# TASK:
Type out all the data below, word for word.

# MATERIAL FOR THIS TASK:
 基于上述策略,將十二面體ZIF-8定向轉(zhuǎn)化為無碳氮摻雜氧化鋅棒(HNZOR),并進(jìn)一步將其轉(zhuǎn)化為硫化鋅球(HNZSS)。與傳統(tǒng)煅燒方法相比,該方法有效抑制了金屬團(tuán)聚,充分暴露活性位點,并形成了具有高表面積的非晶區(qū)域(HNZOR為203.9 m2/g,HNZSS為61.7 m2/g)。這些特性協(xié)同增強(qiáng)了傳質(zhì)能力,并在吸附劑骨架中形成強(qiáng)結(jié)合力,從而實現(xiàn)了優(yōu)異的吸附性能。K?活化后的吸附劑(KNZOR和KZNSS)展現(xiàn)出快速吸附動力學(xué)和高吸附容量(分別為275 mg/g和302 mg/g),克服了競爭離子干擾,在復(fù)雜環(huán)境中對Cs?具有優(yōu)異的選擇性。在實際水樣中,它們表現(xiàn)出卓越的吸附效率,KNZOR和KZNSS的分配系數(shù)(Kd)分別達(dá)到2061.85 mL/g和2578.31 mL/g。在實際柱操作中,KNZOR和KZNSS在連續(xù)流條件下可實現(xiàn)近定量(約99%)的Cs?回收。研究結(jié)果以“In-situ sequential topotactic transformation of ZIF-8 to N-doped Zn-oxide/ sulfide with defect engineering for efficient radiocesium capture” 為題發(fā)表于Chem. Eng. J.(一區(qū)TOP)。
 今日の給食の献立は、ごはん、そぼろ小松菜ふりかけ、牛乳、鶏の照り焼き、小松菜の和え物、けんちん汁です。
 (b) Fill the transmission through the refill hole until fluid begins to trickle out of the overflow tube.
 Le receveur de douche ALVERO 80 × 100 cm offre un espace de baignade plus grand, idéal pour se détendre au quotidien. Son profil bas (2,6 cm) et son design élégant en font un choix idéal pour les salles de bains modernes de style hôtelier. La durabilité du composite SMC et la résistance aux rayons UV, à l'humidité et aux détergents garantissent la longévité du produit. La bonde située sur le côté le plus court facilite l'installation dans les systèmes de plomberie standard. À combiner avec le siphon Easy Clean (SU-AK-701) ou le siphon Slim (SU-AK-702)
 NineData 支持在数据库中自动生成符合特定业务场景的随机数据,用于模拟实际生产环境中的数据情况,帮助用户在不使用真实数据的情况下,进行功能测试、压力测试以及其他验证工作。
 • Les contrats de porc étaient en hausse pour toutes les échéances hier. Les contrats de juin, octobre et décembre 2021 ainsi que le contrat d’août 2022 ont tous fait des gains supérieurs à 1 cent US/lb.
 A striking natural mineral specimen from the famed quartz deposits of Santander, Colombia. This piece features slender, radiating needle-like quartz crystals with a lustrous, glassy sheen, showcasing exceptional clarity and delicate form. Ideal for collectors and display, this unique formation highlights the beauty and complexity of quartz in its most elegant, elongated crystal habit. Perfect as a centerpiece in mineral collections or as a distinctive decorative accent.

# YOUR SOLUTION:
 基于上述策略,將十二面體ZIF-8定向轉(zhuǎn)化為無碳氮摻雜氧化鋅棒(HNZOR),并進(jìn)一步將其轉(zhuǎn)化為硫化鋅球(HNZSS)。與傳統(tǒng)煅燒方法相比,該方法有效抑制了金屬團(tuán)聚,充分暴露活性位點,并形成了具有高表面積的非晶區(qū)域(HNZOR為203.9 m2/g,HNZSS為61.7 m2/g)。這些特性協(xié)同增強(qiáng)了傳質(zhì)能力,并在吸附劑骨架中形成強(qiáng)結(jié)合力,從而實現(xiàn)了優(yōu)異的吸附性能。K?活化后的吸附劑(KNZOR和KZNSS)展現(xiàn)出快速吸附動力學(xué)和高吸附容量(分別為275 mg/g和302 mg/g),克服了競爭離子干擾,在復(fù)雜環(huán)境中對Cs?具有優(yōu)異的選擇性。在實際水樣中,它們表現(xiàn)出卓越的吸附效率,KNZOR和KZNSS的分配系數(shù)(Kd)分別達(dá)到2061.85 mL/g和2578.31 mL/g。在實際柱操作中,KNZOR和KZNSS在連續(xù)流條件下可實現(xiàn)近定量(約99%)的Cs?回收。研究結(jié)果以“In-situ sequential topotactic transformation of ZIF-8 to N-doped Zn-oxide/ sulfide with defect engineering for efficient radiocesium capture” 為題發(fā)表于Chem. Eng. J.(一區(qū)TOP)。
 今日の給食の献立は、ごはん、そぼろ小松菜ふりかけ、牛乳、鶏の照り焼き、小松菜の和え物、けんちん汁です。
 (b) Fill the transmission through the refill hole until fluid begins to trickle out of the overflow tube.
 Le receveur de douche ALVERO 80 × 100 cm offre un espace de baignade plus grand, idéal pour se détendre au quotidien. Son profil bas (2,6 cm) et son design élégant en font un choix idéal pour les salles de bains modernes de style hôtelier. La durabilité du composite SMC et la résistance aux rayons UV, à l'humidité et aux détergents garantissent la longévité du produit. La bonde située sur le côté le plus court facilite l'installation dans les systèmes de plomberie standard. À combiner avec le siphon Easy Clean (SU-AK-701) ou le siphon Slim (SU-AK-702)
 NineData 支持在数据库中自动生成符合特定业务场景的随机数据,用于模拟实际生产环境中的数据情况,帮助用户在不使用真实数据的情况下,进行功能测试、压力测试以及其他验证工作。
 • Les contrats de porc étaient en hausse pour toutes les échéances hier. Les contrats de juin, octobre et décembre 2021 ainsi que le contrat d’août 2022 ont tous fait des gains supérieurs à 1 cent US/lb.
 A striking natural mineral specimen from the famed quartz deposits of Santander, Colombia. This piece features slender, radiating needle-like quartz crystals with a lustrous, glassy sheen, showcasing exceptional clarity and delicate form. Ideal for collectors and display, this unique formation highlights the beauty and complexity of quartz in its most elegant, elongated crystal habit. Perfect as a centerpiece in mineral collections or as a distinctive decorative accent.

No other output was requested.